Детский голос: Дождик, дождик, перестань!
Я поеду в Аристань! Богу молиться! Царю поклониться!Припевка повторяется как эхо в другом квартале другим ребенком.
Мужчина (наконец-то): Интересно, разменял ли я свой чек по безработице.
Женщина клонится вперед, как будто стакан ее тянет. Наконец, с некоторым треском, который ее, очевидно, пугает, ставит стакан на подоконник. Смеется коротко и беззвучно.
(продолжает не с очень-то большой надеждой)
Надеюсь, не разменял мой чек по безработице. А где мои шмотки? Посмотри по карманам, есть там мой чек?
Женщина: Ты вернулся, когда меня не было — как раз тебя искала. Взял чек и оставил записку, которую я не разобрала.
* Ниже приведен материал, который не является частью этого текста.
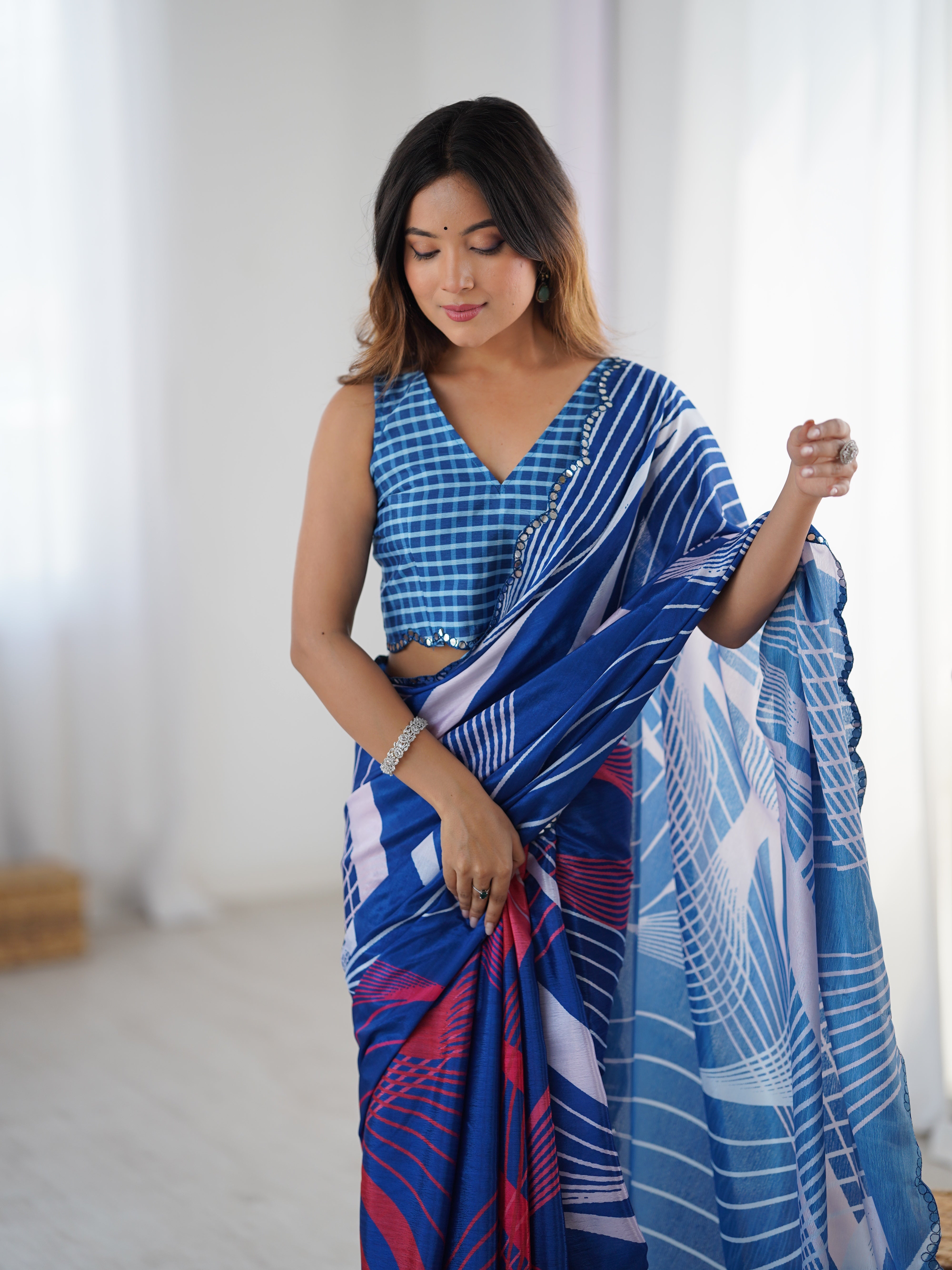 Blue Chinon Digital Printed Designer Saree With Blouse 14601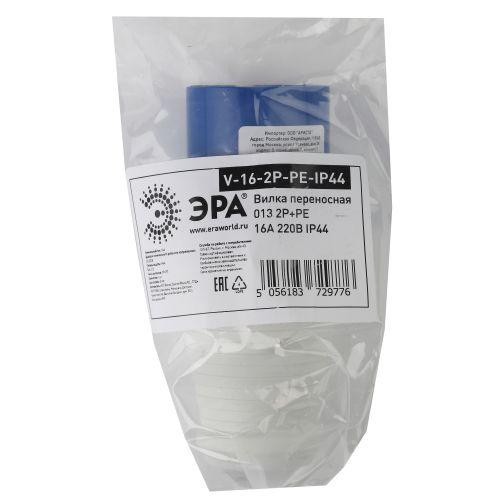 Вилка переносная 013 2Р+РЕ 16А 220В IP44 Эра Б0032849 Эра

Мужчина: Не разобрала записку?
Женщина: Только номер телефона. Я туда позвонила, но был такой шум, что ничего и не услышала.
Мужчина: Шум? Здесь?
Женщина: Нет. Шум там.
Мужчина: Где это там?
Женщина: Не знаю. Кто-то сказал: «Давай, приезжай» и повесил трубку, а потом все время было занято.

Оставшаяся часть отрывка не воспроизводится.